Reproduce, word for word, the lines in the material below starting with the one that has "12月29日,游客在南京老門東歷史文化街區賞燈游玩。" and going on through the one that has "Raid Liquido offre 60". Leave out all pictures.

## Available records

⟨

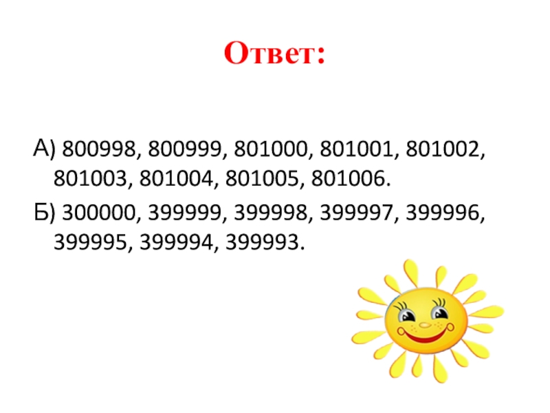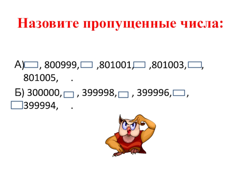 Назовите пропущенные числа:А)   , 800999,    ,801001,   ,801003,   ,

⟩
⟨

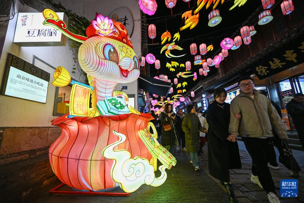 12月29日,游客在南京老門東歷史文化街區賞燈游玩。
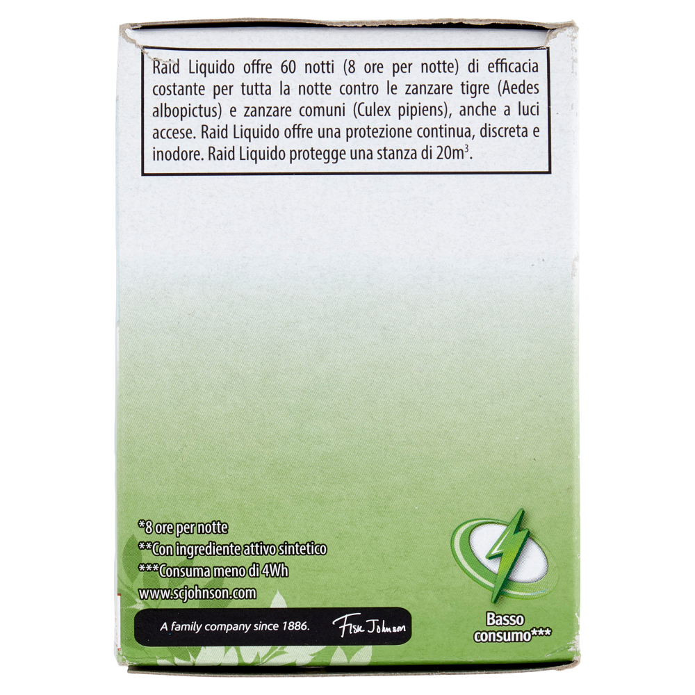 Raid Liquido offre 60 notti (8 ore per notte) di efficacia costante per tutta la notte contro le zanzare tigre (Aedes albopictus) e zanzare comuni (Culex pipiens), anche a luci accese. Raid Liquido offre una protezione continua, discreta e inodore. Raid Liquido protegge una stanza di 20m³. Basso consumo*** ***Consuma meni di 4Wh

⟩

## Solution to this problem
 12月29日,游客在南京老門東歷史文化街區賞燈游玩。
 Raid Liquido offre 60 notti (8 ore per notte) di efficacia costante per tutta la notte contro le zanzare tigre (Aedes albopictus) e zanzare comuni (Culex pipiens), anche a luci accese. Raid Liquido offre una protezione continua, discreta e inodore. Raid Liquido protegge una stanza di 20m³. Basso consumo*** ***Consuma meni di 4Wh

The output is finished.